▶ **DATA EXTRACT**:
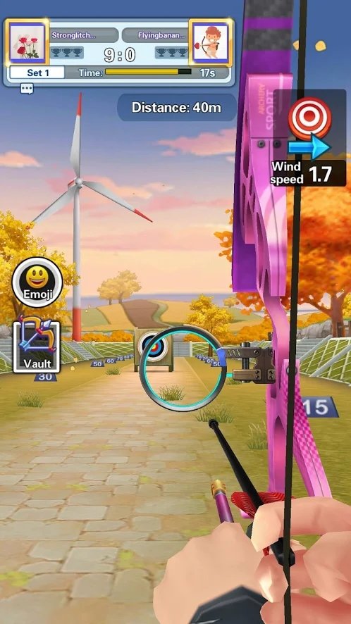 3、屏幕下方的风力也是影响射箭精准度的一个因素,玩家要考验各个方面,精准的射击敌人。
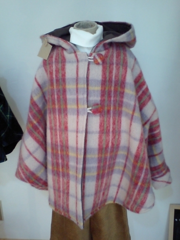 フード付きのコートです。ポンチョに見えますが、袖付きです。大きなくるみボタンがついています。
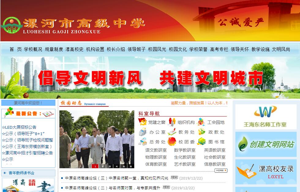 漯河高中創(chuàng)建于1948年,是河南省首批示范性高中,學(xué)??偯娣e533畝(含新校區(qū))。經(jīng)過60余年的發(fā)展,學(xué)校已成為一所教風(fēng)嚴(yán)謹(jǐn)、學(xué)風(fēng)純正、辦學(xué)理念科學(xué)、校園環(huán)境優(yōu)美、教學(xué)設(shè)施先進(jìn)、教師水平一流、高考成績輝煌、周邊縣市莘莘學(xué)子夢寐以求的成才殿堂。漯河高中現(xiàn)有在校生6500余人,教職工320人,專職教師全部為大學(xué)本科以上學(xué)歷。其中特級教師3人,國家級名師1人,中原名師1人,國家級骨干教師2人,教育部公派留英學(xué)者4人,省教育教學(xué)專家1人,省教師教育專家2人,省級學(xué)科帶頭人6人,省級骨干教師7人,高級教師121人,擁有研究生學(xué)歷者達(dá)86人,市級優(yōu)秀班主任76人,市級優(yōu)秀教師112人。漯河高中擁有標(biāo)準(zhǔn)化理化生實(shí)驗(yàn)室、標(biāo)準(zhǔn)化運(yùn)動(dòng)場和體育館,圖書館藏書12萬余冊,有學(xué)生宿舍樓9棟,設(shè)2人、4人、6人間。南北校區(qū)各擁有一棟河南省AAA級學(xué)生餐廳。新校區(qū)教室內(nèi)裝有空調(diào)。漯河高中先進(jìn)完善的教育教學(xué)設(shè)施為學(xué)生成才創(chuàng)造了優(yōu)良的條件。在市教育局組織的歷次統(tǒng)考中,漯河高中均以壟斷優(yōu)勢位居全市第一。高考成績連續(xù)十四年奪得全市高考前三名占有率、應(yīng)屆生上線率、重點(diǎn)大學(xué)上線率、萬人上線率、凈增長率等年年全市第一名。2014年高考齊華瑞同學(xué)勇奪省文科狀元。漯河高中素質(zhì)教育碩果累累,學(xué)生創(chuàng)造力和奧賽成績?nèi)“渭?。僅2004年至今,數(shù)學(xué)、物理、化學(xué)、生物等學(xué)科就有98人(次)獲得省級、國家級奧賽獎(jiǎng)。05屆學(xué)生王杰瑞和06屆學(xué)生韓蕭開發(fā)的“電臺數(shù)字音頻工作站”軟件獲得第19屆河南省青少年科技創(chuàng)新大賽一等獎(jiǎng),開漯河先河!07級畢業(yè)生郭榕同學(xué)獲得省化學(xué)競賽一等獎(jiǎng),被保送進(jìn)入復(fù)旦大學(xué)學(xué)習(xí)。一流的英語教學(xué)是漯河高中的一大特色:05屆學(xué)生張棟同學(xué)英語口語“比美國人還純正”(“瘋狂英語”創(chuàng)始人李陽語),2004年8月取得647分的托福考試成績,并以其優(yōu)秀的綜合素質(zhì)于2005年4月15日被美國蒙特·豪里尤克女子大學(xué)錄取,獲得全額獎(jiǎng)學(xué)金,已哈佛讀研究生畢業(yè)。2008-2010年在河南省中學(xué)生英語綜合技能競賽中,漯河高中連續(xù)9人次獲高中組一等獎(jiǎng)。六十三年的探索和追求,漯河高中英才輩出,群星璀璨。從漯高走出過原中央政治局委員、中央軍委副主席、國務(wù)委員兼國防部長曹剛川上將,中央委員、總后勤部副部長秦銀河將軍,中國礦業(yè)大學(xué)常務(wù)副校長、長江學(xué)者趙躍民教授,雙匯集團(tuán)董事長萬隆等黨政軍領(lǐng)導(dǎo)人和商業(yè)精英。僅90年代以來,漯河高中歷屆畢業(yè)生中,獲得博士學(xué)位的就達(dá)388人,公派出國學(xué)者達(dá)198人之多。近五年僅考入清華、北大、復(fù)旦等名校的就高達(dá)346人。漯河高中辦學(xué)成績卓著,備受社會關(guān)注,中科大、吉林大學(xué)、南京理工、西北工大、中國礦業(yè)大學(xué)、鄭州大學(xué)、解放軍外國語學(xué)院等全國重點(diǎn)院校都把漯河高中設(shè)立為生源基地。由于辦學(xué)成績突出,引領(lǐng)教育方向,漯河高中多次獲得國家、部、省級表彰,近幾年學(xué)校先后被評為全國師德建設(shè)先進(jìn)單位,全國信息化建設(shè)先進(jìn)單位,全國校園文化建設(shè)先進(jìn)單位,全國教育科學(xué)規(guī)劃教育部優(yōu)秀科研基地,全國五四紅旗團(tuán)委,河南省首批示范性高中,河南省衛(wèi)生先進(jìn)單位,河南省化學(xué)教學(xué)科研基地學(xué)校,河南省依法治校先進(jìn)單位,2007年被人事部、教育部評為教育系統(tǒng)先進(jìn)集體。
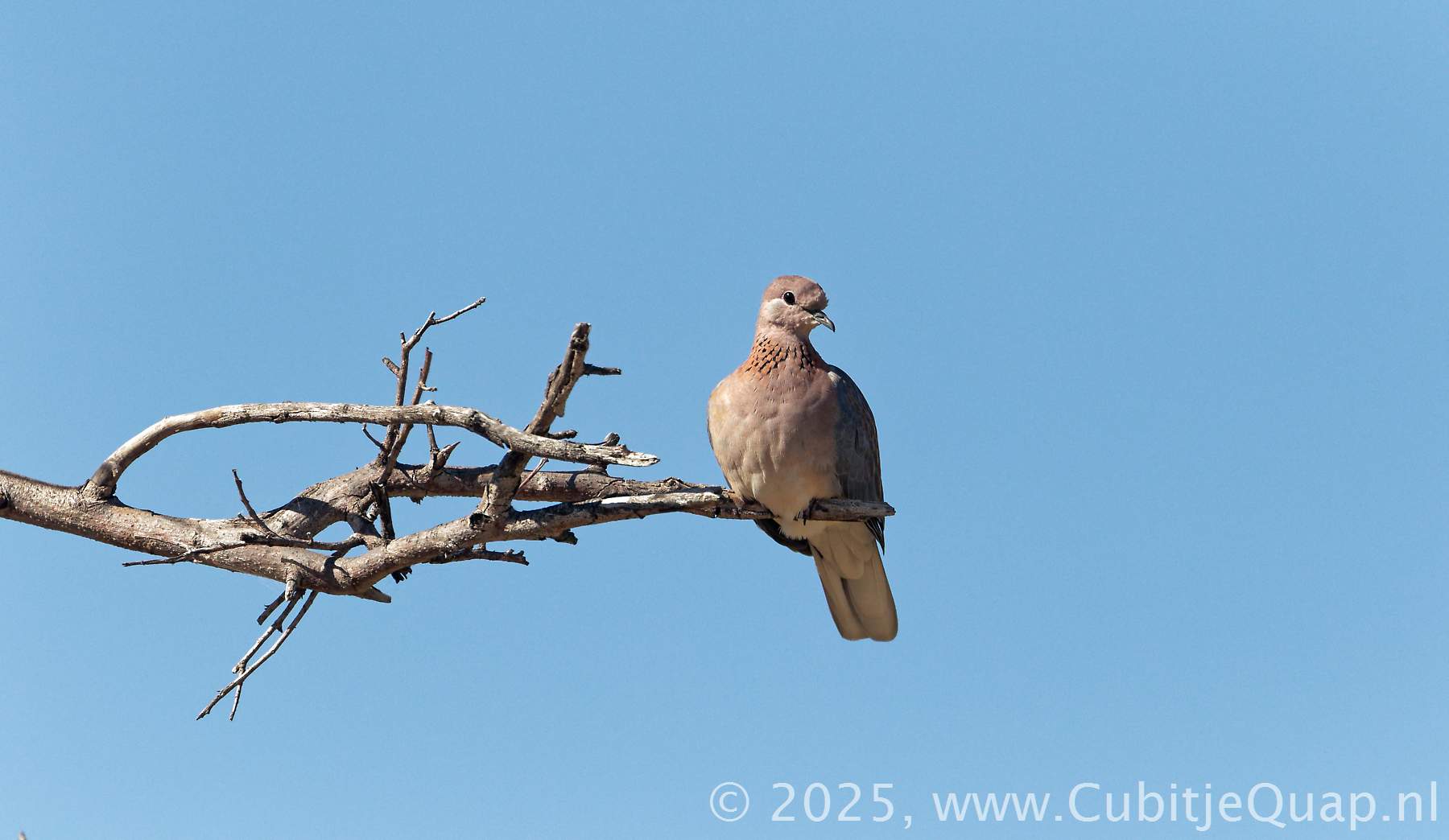 This species may be distinguished from the larger Cape Turtle-Dove by the lack of a black hind collar, by the diagnostic, black-speckled necklace across its cinnamon breast, and by its cinnamon-coloured back. In flight, the blue-grey forewings contrast conspicuously with the cinnamon back, and the white tip and sides of the tail are obvious.
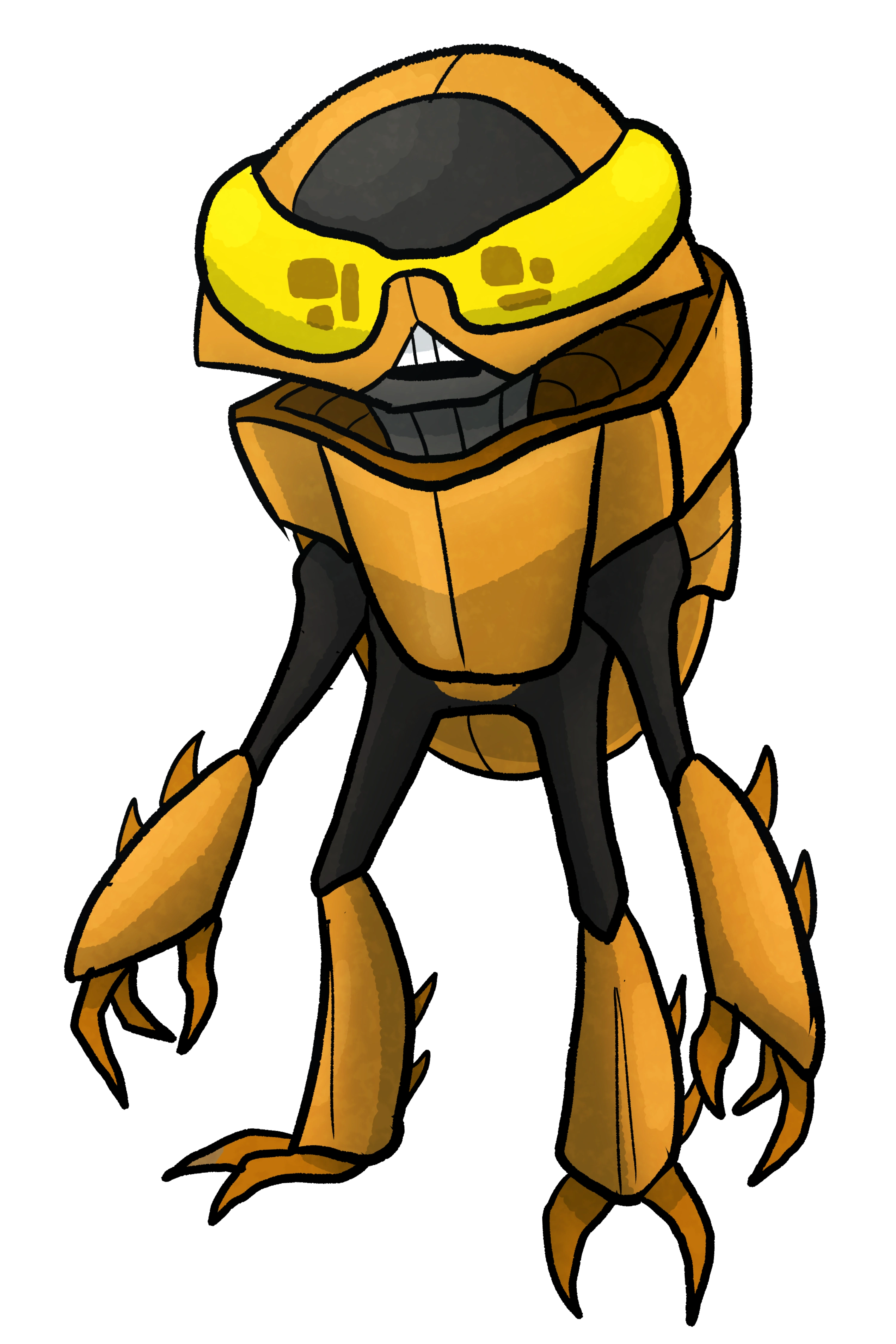 The Eter'Caneic were bipedal beetle-like humanoid aliens with a single merged eye. They had an orange or yellow and black shell that was most dense along their chests and back going down to their abdomen. They had black arms and legs with their wrists, hands, and lower legs being orange.
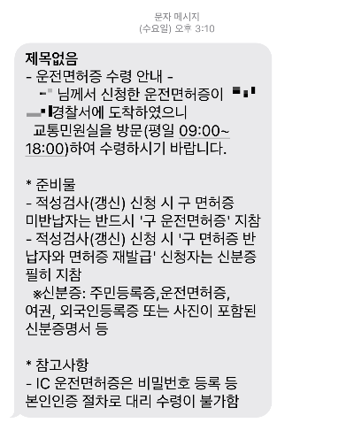 5. 내가 정한 기관에서 면허증 수령 안내 문자 받음
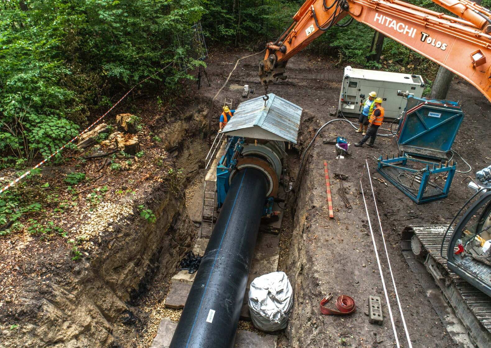 This task consisted in installing new pipe elements with diameters of 1,400 and 1,300 mm in an old steel pipeline with a diameter of 1,600 mm. On the one hand, because of the complexity of the terrain, and on the other hand – because of the speed of work, it was decided to use pressure pipes made of PE-HD polyethylene, manufactured by Uponor Infra sp. z o.o. 719 m of WehoPipe PE100 DN1400 x 53.5 PN6.3 SDR26 pipes, and 1,172 m of WehoPipe PE100 DN1300 x 77 PN10 SDR17 pipes were also used. Pipes were joined using butt welding, which guarantees one hundred percent tightness and uniform strength of the structure along its entire length. Such a solution made it possible to pull in such long sections of the pipeline and also to meet the requirements related to the execution of projects in the area of mining damage.
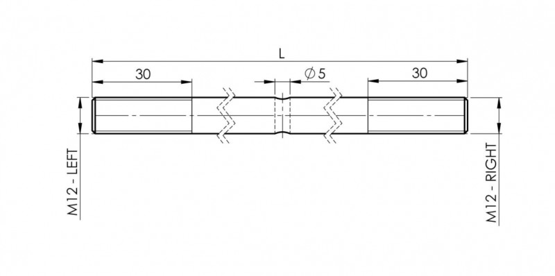 Диаметр стержня ø 12 мм, длина резьбы 30 мм, на противоположных концах стержня - M12 право / M12 лево, длина 1300 мм
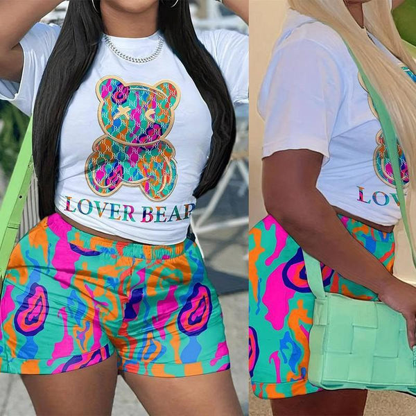 Ürün Açıklaması: Şiddetli Ayı Baskılı Kısa Kollu Takım Elbise
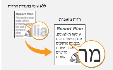 ניתן לכוונן את החדות של התמונה המצולמת. הגבר את החדות כדי לחדד טקסט וקווים מטושטשים, או הפחת את החדות כדי לשפר את המראה של תמונות במגזינים.
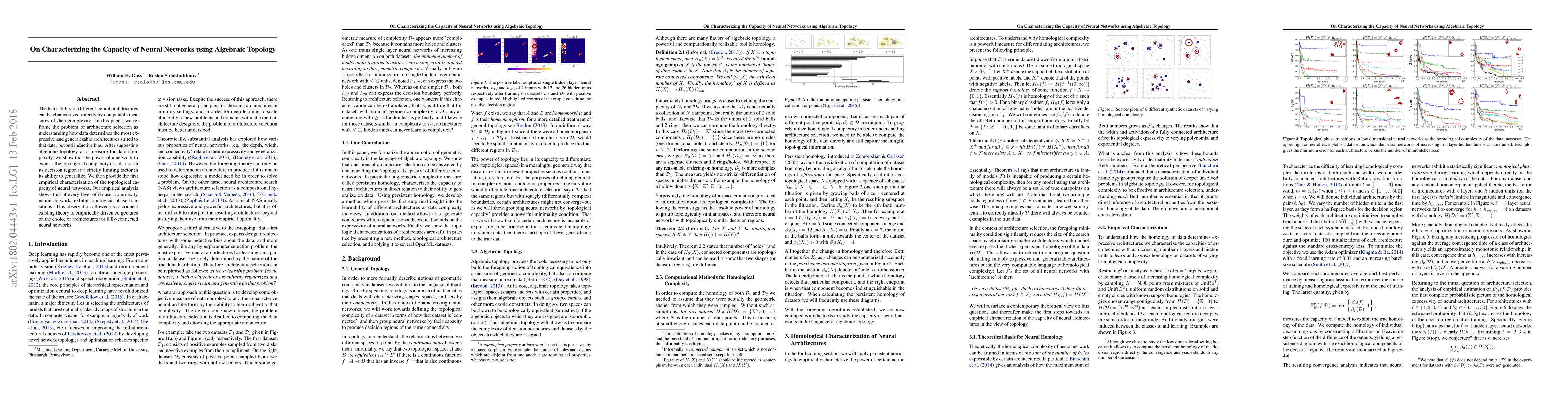 This paper uses algebraic topology to measure data complexity and characterize neural network capacity, showing that a network's ability to generalize is limited by its capacity to express the topological complexity of a dataset. Empirical analysis reveals topological phase transitions in neural networks, linking theoretical insights with practical architecture selection.

▶ **WHAT IS EXPECTED**: Look above for the line holding "This species may" and output everything from it down to the line holding "5. 내가 정한 기관에서 면허증 수령 안내 문자 받음", both ends included, exactly and without images.

▶ **SOLVED EXERCISE**:
 This species may be distinguished from the larger Cape Turtle-Dove by the lack of a black hind collar, by the diagnostic, black-speckled necklace across its cinnamon breast, and by its cinnamon-coloured back. In flight, the blue-grey forewings contrast conspicuously with the cinnamon back, and the white tip and sides of the tail are obvious.
 The Eter'Caneic were bipedal beetle-like humanoid aliens with a single merged eye. They had an orange or yellow and black shell that was most dense along their chests and back going down to their abdomen. They had black arms and legs with their wrists, hands, and lower legs being orange.
 5. 내가 정한 기관에서 면허증 수령 안내 문자 받음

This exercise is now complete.